Thankfully, all human life was saved but 110 horses drowned when one of the hold compartments flooded. Many of the other horses heroically swam to the nearby shore. By July 30th, the ship slipped off and submerged into deeper water.

We are in the process of identifying these 11 emigrant passengers. Are you a descendant of one of these 11 emigrants who had to be rescued from the Copeland? What family stories do you have of this emigration journey? Icelandic Roots is here to preserve these kinds of wonderful stories.

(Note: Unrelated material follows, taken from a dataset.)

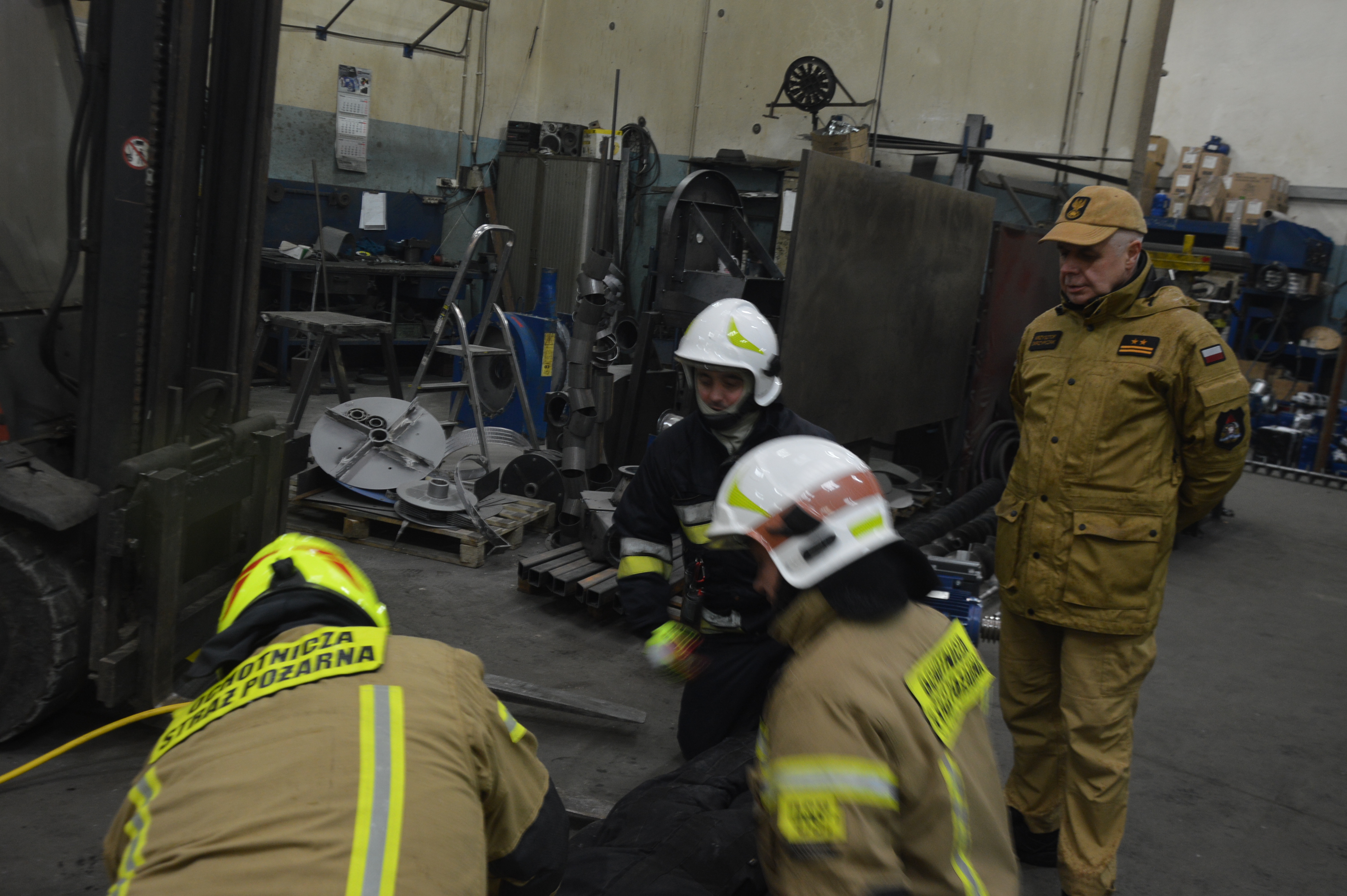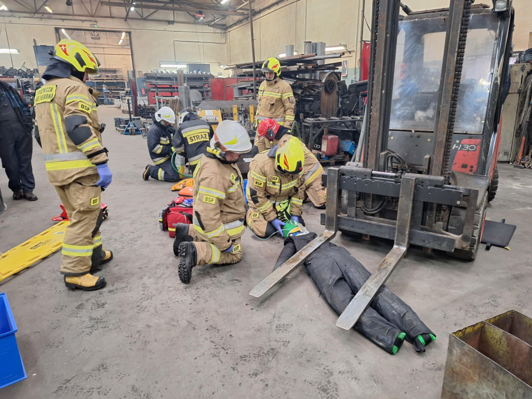 W trakcie ewakuacji doszło do nieszczęśliwego wypadku. Jeden z pracowników został przygnieciony elementami wózka widłowego.
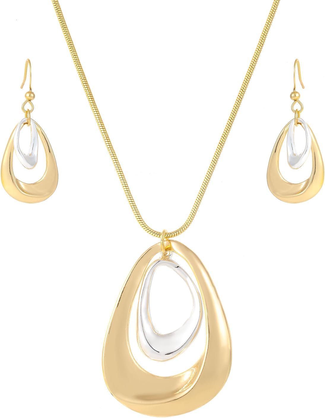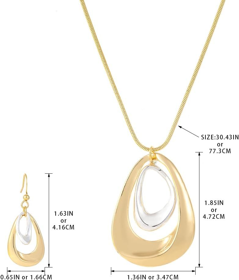 Madison Tyler Gold Plated Jewelry Set for Women | Silver Teardrop Pendant Necklace Trendy | Long Necklace with Snake Chain | Fashion Dangle Earring Set

And beginning May 25th, the East Iceland Emigration Centre will open an exhibit for the summer season focused on the journey itself. Haven’t we all heard the phrase, “Life is about the journey, not the destination”? This wonderful, new exhibit will focus on the various aspects of the journey itself to North America – modes of transport used, routes taken, sights encountered along the way, things many took with them…and the fortitude that took. Stories of the journey gleaned from letters and diaries will bring the exhibition alive. If you are in Iceland this summer, a trip to Vopnafjörður to see this exhibition is a must.

If you can't make it to Iceland this summer, you can still attend the 100th Icelandic National League Convention being held in Winnipeg this May. Cathy Josephson, who developed the exhibit, will be presenting there.